* **What you need to do**
The entries are to be reproduced word for word, with all images left out.

Stored data entries
- - - - - - -
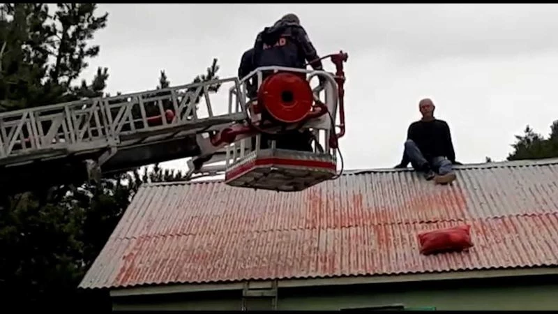Gümüşhane’de tamir etmek için evinin çatısına çıkan vatandaş yükseklik korkusu tutunca aşağı inemedi. Çatıda kalan vatandaş bölgeye çağrılan İtfaiye aracının sepetiyle kurtarıldı.
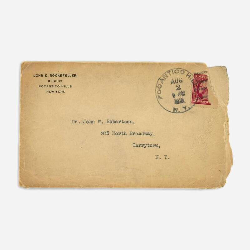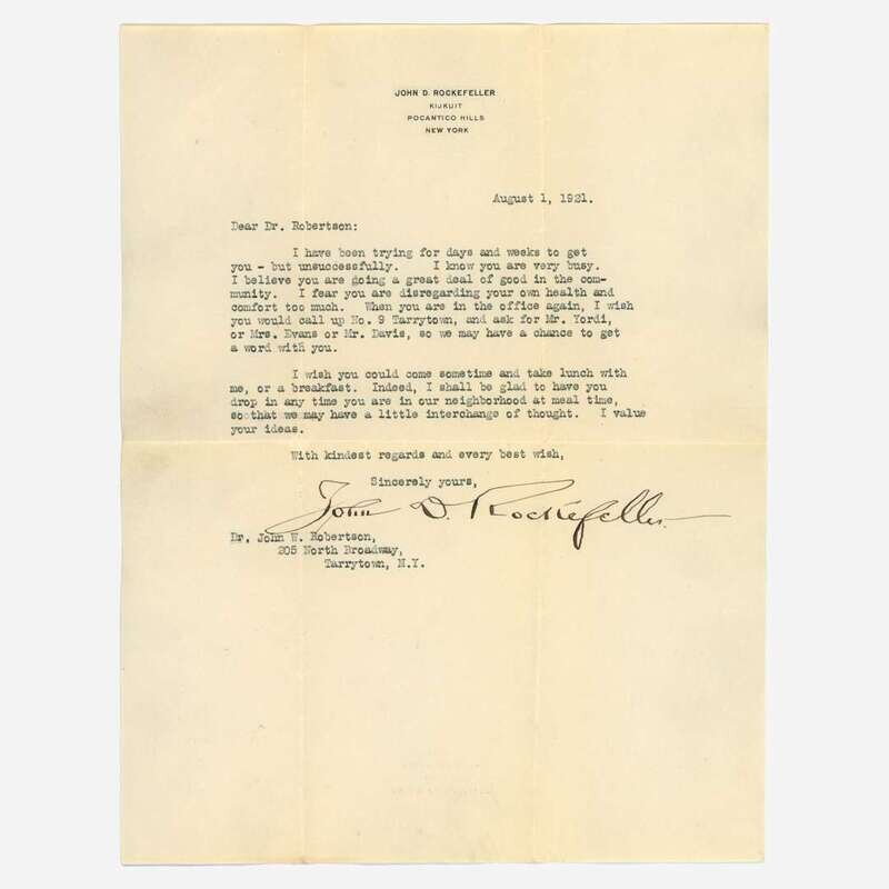 Pocantico Hills, New York, August 1, 1921. One sheet, 10 3/8 x 8 in. (264 x 203 mm). Typed letter, signed by American business magnate John D. Rockefeller, on his Kijkuit House stationery, to physician Dr. John W. Robertson of Tarrytown New York: "Dear Dr. Robertson:/I have been trying for days and weeks to get/you-but unsuccessfully. I know you are very busy./I believe you are doing a great deal of good in the com-/munity. I fear you are disregarding your own health and/comfort too much. When you are in the office again, I wish/you woul call up No. 9 Tarrytown, and ask for Mr. Yordi,/or Mrs. Evans or Mr. Davis, so we may have a chance to get/a word with you./I wish you could come sometime and take lunch with/me, or a breakfast. Indeed, I shall be glad to have you/drop in any time you are in our neighborhood at meal time,/so that we may have a little interchange of thought. I value/your ideas./With the kindest regards and every best wish,/Sincerely yours,/John D. Rockefeller"; creasing from contemporary folds; with original mailing envelope.
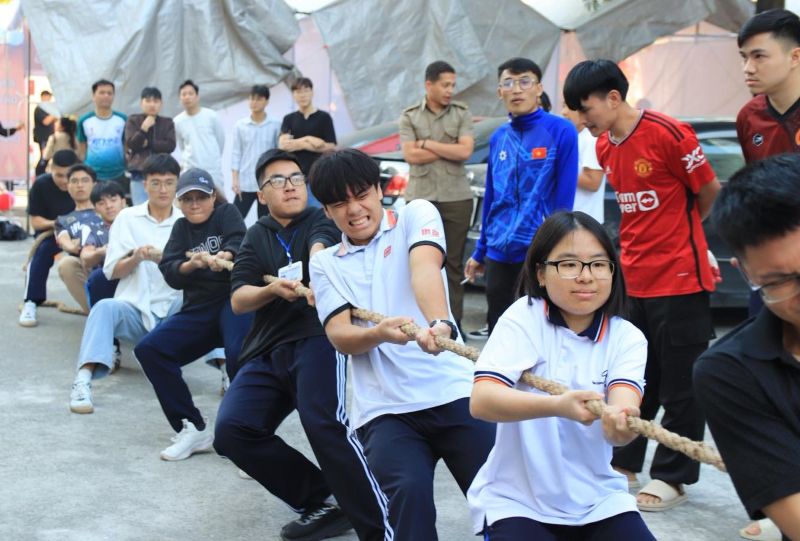 Chiều 28/11, các trò chơi tập thể như kéo co thu hút đông đảo sinh viên tham gia, tạo nên bầu không khí vui tươi, gắn kết. Bên cạnh đó, các gian hàng do các đơn vị, CLB và đại diện sinh viên các khóa tổ chức đã mang đến không gian trải nghiệm trẻ trung, sinh động với nhiều sản phẩm lưu niệm và món ăn hấp dẫn.
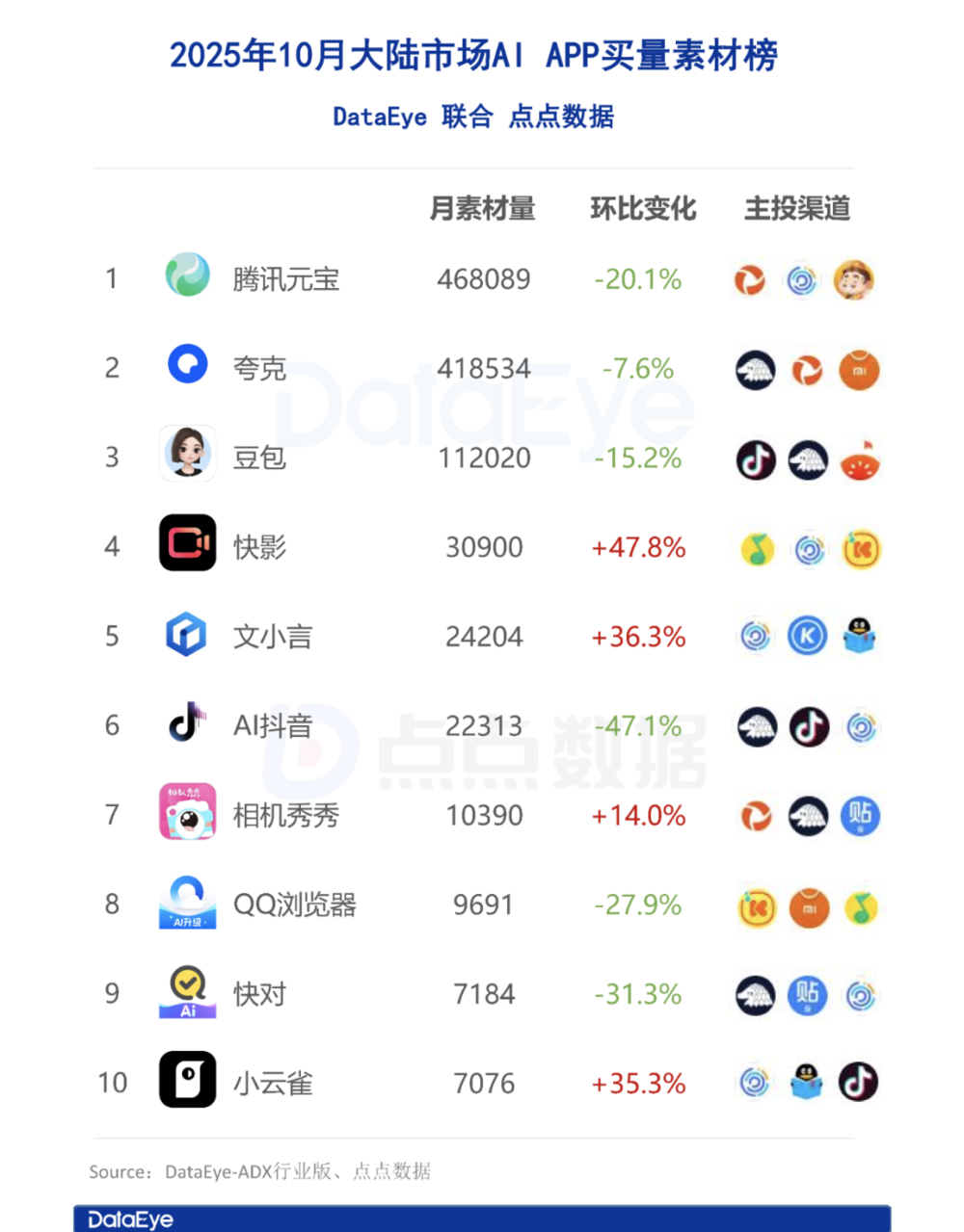不过,2025Q3腾讯销售及市场推广开支达115亿元,同比、环比均增加20亿元,财报披露主要用于推广AI原生应用程序及游戏;但从市场投放表现来看,其中很大一部分用在了元宝的推广投入上:DataEye数据显示,腾讯元宝在10月的AI产品买量位列中国大陆AI应用市场Top1,夸克与豆包紧随其后。
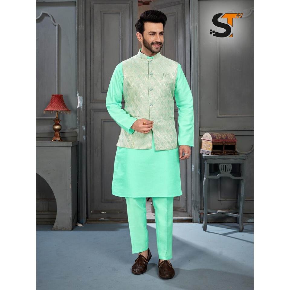 แฟชั่น banglori Silk zari กางเกงทำงานผู้ชาย kurta POLO กับ Koti สีเขียวน้ำทะเล
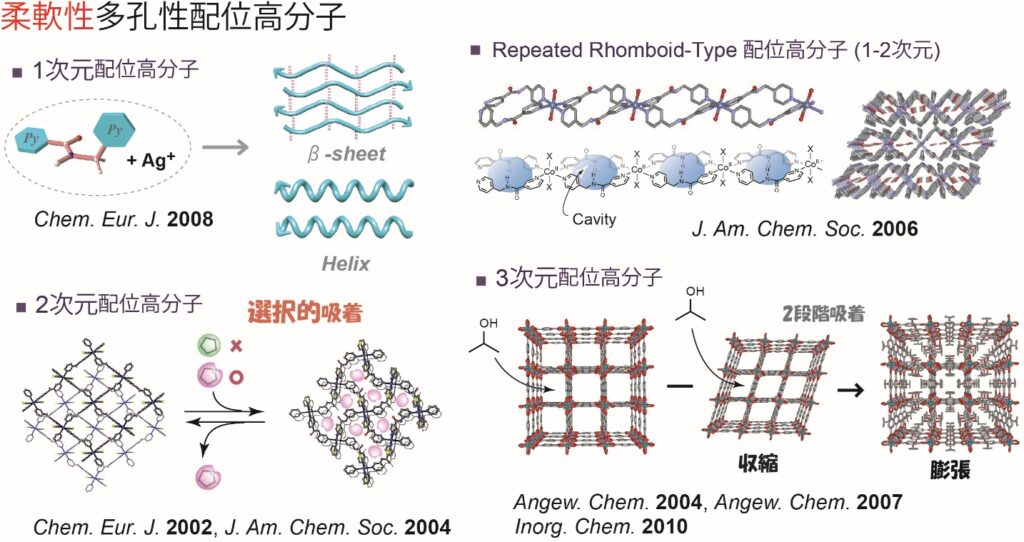 多孔性配位高分子とは、金属の配位方向とデザインされた有機配位子からなる、細孔を有する金属錯体であり、活性炭やゼオライトと同様に細孔性材料として期待されています。下図のように、様々なトポロジーをもつネットワークが形成可能で、この多孔性配位高分子の新たな機能性を模索しながら、新規物質の創製を進めています。
- - - - - - -
* **Response to this task**
Gümüşhane’de tamir etmek için evinin çatısına çıkan vatandaş yükseklik korkusu tutunca aşağı inemedi. Çatıda kalan vatandaş bölgeye çağrılan İtfaiye aracının sepetiyle kurtarıldı.
 Pocantico Hills, New York, August 1, 1921. One sheet, 10 3/8 x 8 in. (264 x 203 mm). Typed letter, signed by American business magnate John D. Rockefeller, on his Kijkuit House stationery, to physician Dr. John W. Robertson of Tarrytown New York: "Dear Dr. Robertson:/I have been trying for days and weeks to get/you-but unsuccessfully. I know you are very busy./I believe you are doing a great deal of good in the com-/munity. I fear you are disregarding your own health and/comfort too much. When you are in the office again, I wish/you woul call up No. 9 Tarrytown, and ask for Mr. Yordi,/or Mrs. Evans or Mr. Davis, so we may have a chance to get/a word with you./I wish you could come sometime and take lunch with/me, or a breakfast. Indeed, I shall be glad to have you/drop in any time you are in our neighborhood at meal time,/so that we may have a little interchange of thought. I value/your ideas./With the kindest regards and every best wish,/Sincerely yours,/John D. Rockefeller"; creasing from contemporary folds; with original mailing envelope.
 Chiều 28/11, các trò chơi tập thể như kéo co thu hút đông đảo sinh viên tham gia, tạo nên bầu không khí vui tươi, gắn kết. Bên cạnh đó, các gian hàng do các đơn vị, CLB và đại diện sinh viên các khóa tổ chức đã mang đến không gian trải nghiệm trẻ trung, sinh động với nhiều sản phẩm lưu niệm và món ăn hấp dẫn.
不过,2025Q3腾讯销售及市场推广开支达115亿元,同比、环比均增加20亿元,财报披露主要用于推广AI原生应用程序及游戏;但从市场投放表现来看,其中很大一部分用在了元宝的推广投入上:DataEye数据显示,腾讯元宝在10月的AI产品买量位列中国大陆AI应用市场Top1,夸克与豆包紧随其后。
 แฟชั่น banglori Silk zari กางเกงทำงานผู้ชาย kurta POLO กับ Koti สีเขียวน้ำทะเล
 多孔性配位高分子とは、金属の配位方向とデザインされた有機配位子からなる、細孔を有する金属錯体であり、活性炭やゼオライトと同様に細孔性材料として期待されています。下図のように、様々なトポロジーをもつネットワークが形成可能で、この多孔性配位高分子の新たな機能性を模索しながら、新規物質の創製を進めています。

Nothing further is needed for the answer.